Nach Angaben der Kassenärztlichen Bundesvereinigung (KBV) liegt allein bei den Hausärzten und -ärztinnen der Anteil der über 60-Jährigen bei 35,7 %. Der hohe Anteil niedergelassener Ärzte und Ärztinnen im Renteneintrittsalter stellt eine gute Chance für eine Existenzgründung dar. Zahlreiche Praxen werden abgegeben – das Angebot ist groß. Anhand bereits vorhandener Patientenzahlen und Umsätze aus den letzten Quartalen und Jahren lässt sich bereits im Vorfeld das Potential einer Praxis einschätzen. Eine bedeutende Rolle kann hierbei auch das Praxispersonal spielen, welches oftmals aufgrund langjähriger Praxiszugehörigkeit die Patientinnen und Patienten kennt und mit den Praxisabläufen vertraut ist.

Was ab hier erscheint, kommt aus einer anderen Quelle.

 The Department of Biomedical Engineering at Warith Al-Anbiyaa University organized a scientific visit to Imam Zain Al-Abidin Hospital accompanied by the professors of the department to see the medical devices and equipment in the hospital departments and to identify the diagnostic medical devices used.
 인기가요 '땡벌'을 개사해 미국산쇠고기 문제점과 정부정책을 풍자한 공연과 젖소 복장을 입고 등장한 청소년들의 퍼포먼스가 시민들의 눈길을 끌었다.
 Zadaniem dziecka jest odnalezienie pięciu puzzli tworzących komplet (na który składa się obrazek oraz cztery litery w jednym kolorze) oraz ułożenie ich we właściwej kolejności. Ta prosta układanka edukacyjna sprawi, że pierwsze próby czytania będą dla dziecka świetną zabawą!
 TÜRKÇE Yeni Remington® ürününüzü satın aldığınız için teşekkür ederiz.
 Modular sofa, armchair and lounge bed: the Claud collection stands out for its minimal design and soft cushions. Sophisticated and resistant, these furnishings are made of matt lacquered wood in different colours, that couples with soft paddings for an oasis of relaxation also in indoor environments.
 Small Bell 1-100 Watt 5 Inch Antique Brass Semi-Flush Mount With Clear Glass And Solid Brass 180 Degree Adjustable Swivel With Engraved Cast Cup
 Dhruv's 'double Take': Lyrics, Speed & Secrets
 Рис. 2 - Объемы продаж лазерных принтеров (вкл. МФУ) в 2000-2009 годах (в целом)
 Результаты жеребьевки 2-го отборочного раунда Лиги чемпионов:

Wer eine Praxis übernimmt, übernimmt auch das Personal
Wer eine Praxis übernimmt, übernimmt nicht nur Inventar und Patientenstamm, sondern auch das angestellte ärztliche und nicht-ärztliche Personal. Aus rechtlicher Sicht stellt die Praxisübername einen sogenannten Betriebsübergang dar, für den § 613 a Abs. 1 BGB vorsieht, dass neue Inhaberinnen und Inhaber in die Rechte und Pflichten aus den im Zeitpunkt des Übergangs bestehenden Arbeitsverhältnissen eintreten.
Neue Vorgesetzte müssen das Personal also zu unveränderten Konditionen übernehmen. Eine Kündigung der Beschäftigten durch die alte oder neue Praxisleitung wegen der Praxisübernahme ist unwirksam, § 613 Abs. 4 BGB.

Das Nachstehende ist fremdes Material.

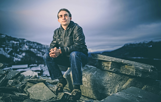 At han har en stor kjærlighet til hjemplassen sin er tydelig. På vei opp til fotografering i skiferbruddet litt utenfor byen peker han i alle retninger.
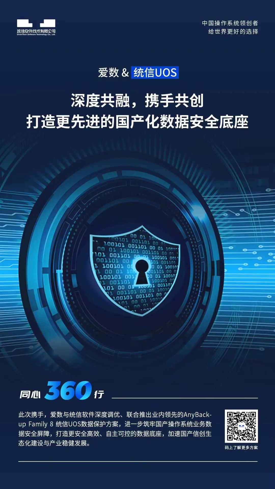 此次携手,爱数与统信软件深度调优、联合推出业内领先的AnyBackup Family 8 统信UOS 数据保护方案,进一步筑牢国产操作系统业务数据安全屏障,打造更安全高效、自主可控的数据底座,加速国产信创生态化建设与产业稳健发展。
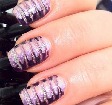 ★ STYLE 1 浓情紫色美甲,但不仅限于单一颜色,条纹状的花纹,感觉很自然,不像普通条纹那么突兀,在照明灯光下,显得很有光泽。
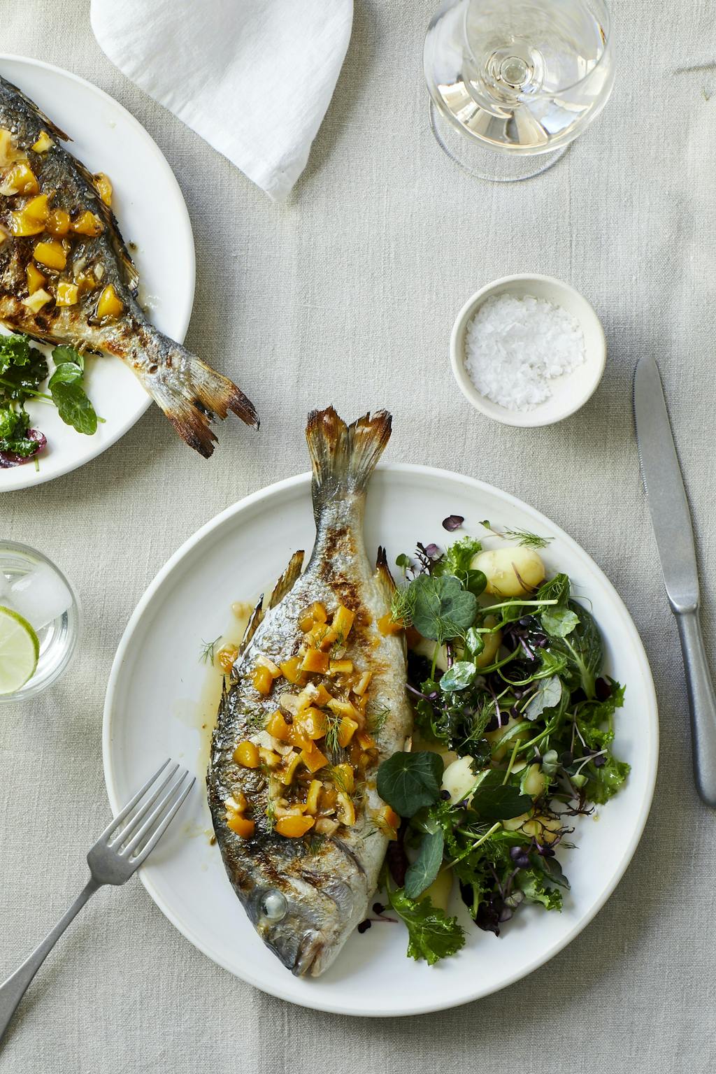 Grillet dorado med ferskensitron-relish, nypoteter og urter
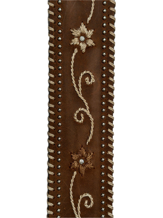 Nocona Belt Brown Leather Wide Dress Belt with Embroidered Flowers
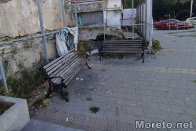Кътът за отдих до Юнашкия салон, който бе създаден преди четири години, е оставен на произвола. Видът му става все по-отблъскващ, видя репортер на Moreto.net.

Wer beabsichtigt eine Praxis zu übernehmen, sollte sich daher im Vorfeld der Vertragsverhandlungen alle Arbeitsverträge aushändigen lassen, um die Inhalte und ihre Reichweite für den Fall der Praxisübernahme zu kennen und einschätzen zu können. Denn entscheidet man sich für die Praxisübernahme, entscheidet man sich auch für das Praxispersonal.
Praxisübergabe: Team schriftlich informieren
Ist die Praxisübernahme beschlossene Sache, müssen die Angestellten noch vor der tatsächlichen Übergabe der Praxis entweder durch den bisherigen oder durch den neuen Praxisinhaber von dem Wechsel schriftlich unterrichtet werden. Am besten informieren sogar beide gemeinsam über den Schritt. Bisherige Inhaberinnen und Inhaber können dadurch zeigen, dass diese sich um die Beschäftigten und den Erhalt ihrer Arbeitsplätze kümmern. Neue Praxisinhaberinnen und -inhaber können sich auf diese Weise den zukünftigen Angestellten vorstellen und bereits Anerkennung und Interesse an der Praxisfortführung im vorhandenen Team bekunden.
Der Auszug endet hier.